Rule 34(a);(b): Production of Documents, Electronically Stored Information, and Things and Entry Upon Land for Inspection and other Purposes; Procedure.This rule provides that any party may serve on any other party a request to produce electronically stored information. The rule would also permit the party making the request to inspect, copy, test or sample electronically stored information stored in any medium from which information can be obtained - translated if necessary by the responding party into a reasonably usable form. The rule provides that the request may specify the form or forms in which electronically stored information is to be produced. The producing party may object to the requested form or forms for producing electronically stored information stating the reason for the objection. If an objection is made to the form or forms for producing electronically stored information - or no form was made in the request - the responding party would be required to state the form or forms it intends to use. If a request does not specify the form or forms for producing electronically stored information, a responding party must produce the information in a form or forms in which it is ordinarily maintained or in a form or forms that are reasonably usable. A party need not produce the same electronically stored information in more than one form.

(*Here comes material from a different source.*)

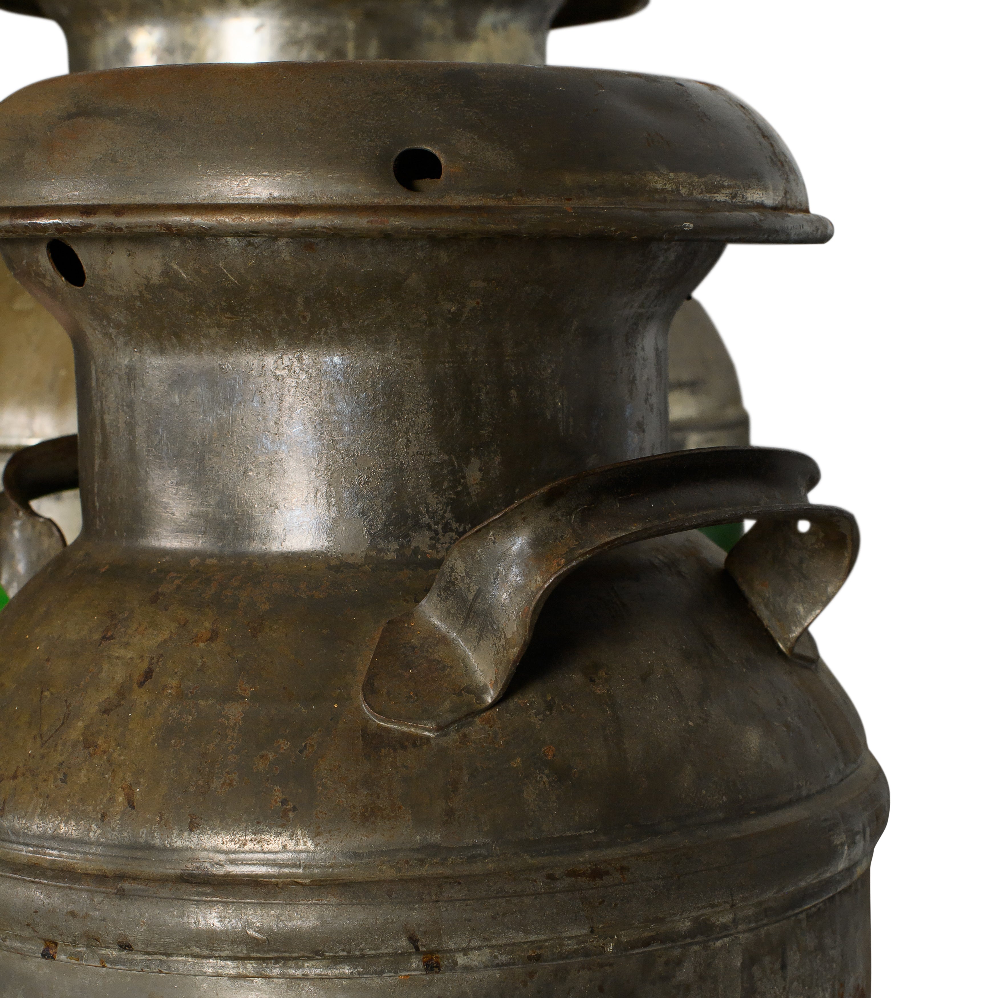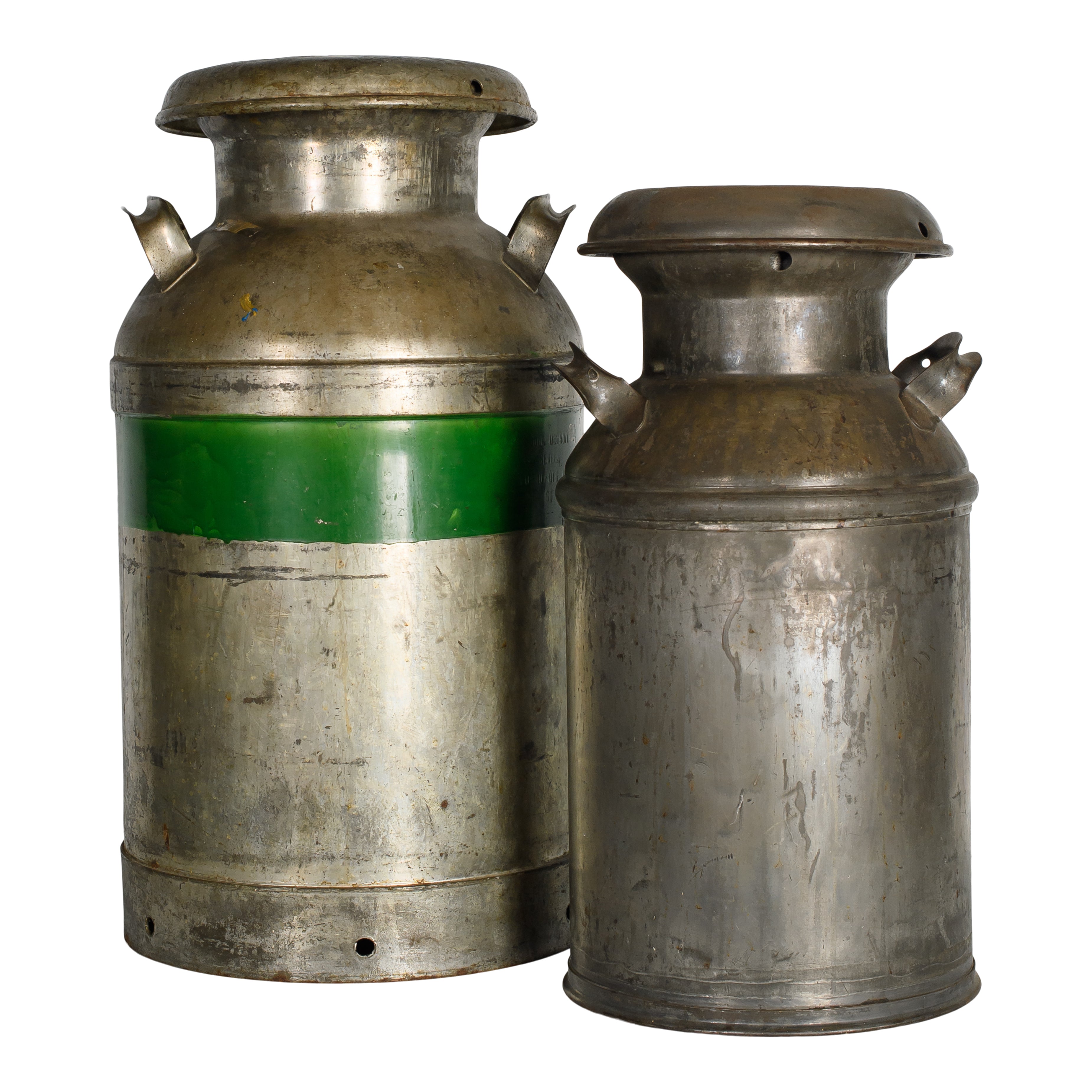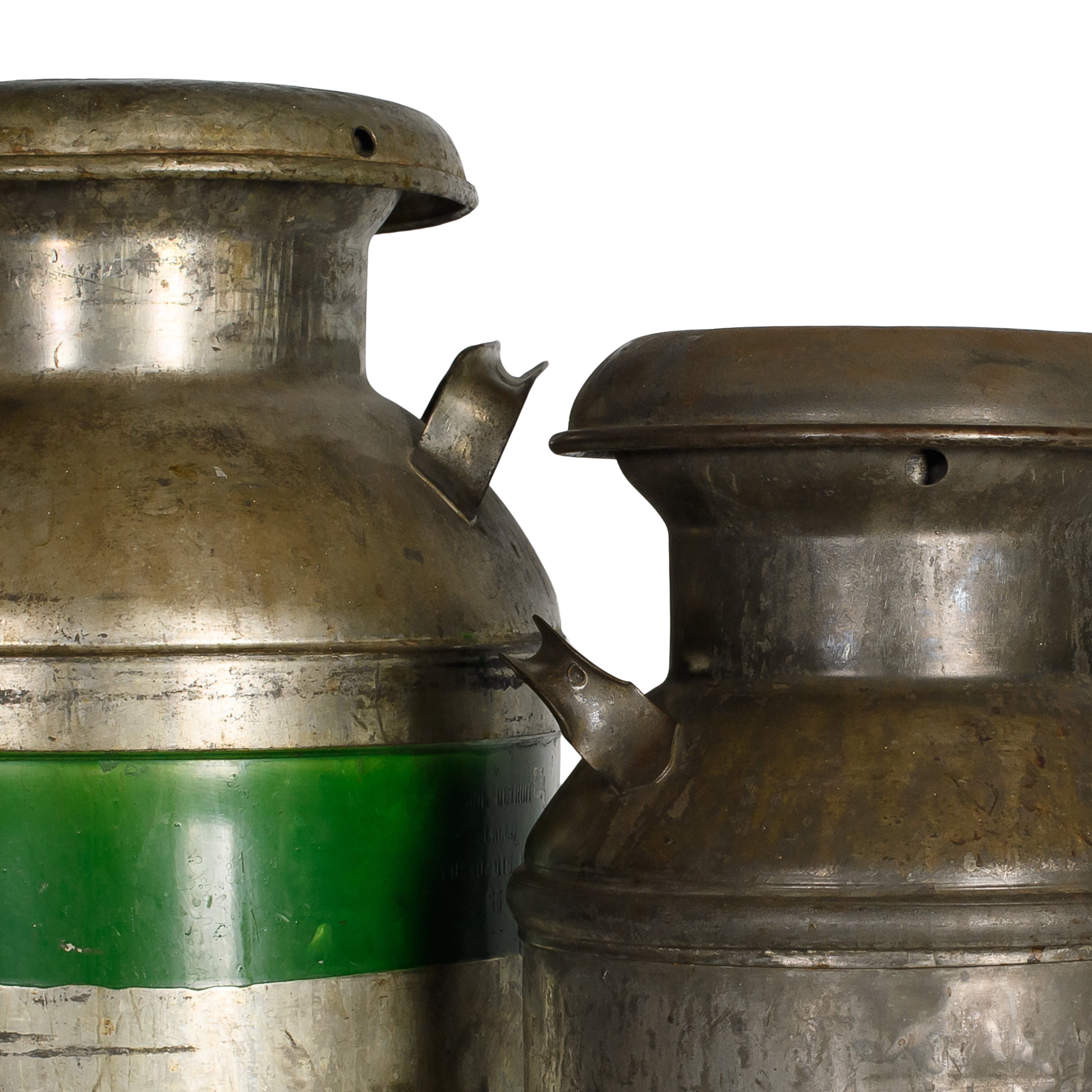 A pair of vintage metal milk vessels with sturdy forms, rounded lids, and side handles that show their practical origins. Their patinated surfaces and subtle variations in tone give them a collected, storied character that adds depth to styled events.

Rule 37(f): Failure to Make Disclosures or Cooperate in Discovery Sanctions; Electronically Stored Information.This section of Rule 37 provides that absent exceptional circumstances, a court may not impose sanctions under the rules on a party for failing to provide electronically stored information lost as a result of the routine, good faith operation of an electronic information system.

Rule 45 Subpoena; Form; Issuance: This rule adds that a subpoena shall command each person to whom it is directed to attend and give testimony or to produce and permit inspection, copying, testing, or sampling of among other things, electronically stored information. In addition, a subpoena may specify the form or forms in which electronically stored information is to be produced. Subpoenas may be served to not only inspect materials but to copy, test or sample those materials. Similarly to Rule 34, if a subpoena did not specify the form or forms for producing electronically stored information, a responding party is required to produce the information in a form or forms in which it is ordinarily maintained or in a form or forms that are reasonably usable; and a party need not produce the same electronically stored information in more than one form. As in Rule 26(b)(2)(B), a party need not provide discovery of electronically stored information from sources that the party identifies as not reasonably accessible because of undue burden or cost. On both a motion to compel discovery or for a protective order, the burden is on the responding party to show that the information is not reasonably accessible because of undue burden or cost. Even if that showing is made, the court may nonetheless order discovery from that party if the requesting party shows good cause, considering the limitations that are set forth in Rule 26(b)(2)(C) (i.e. whether the discovery sought is cumulative, burden of expense outweighs the benefit, etc.). The court may also specify conditions for the discovery. Similarly to Rule 26(b)(5)(B), if information is produced in response to a subpoena that is subject to a claim of privilege or protection as trial-preparation material, the party making the claim may notify any party that received the information of the claim and the basis for it. After being notified a party would be required to promptly return, sequester, or destroy the specified information and any copies it has and may not use or disclose this information until the claim is resolved.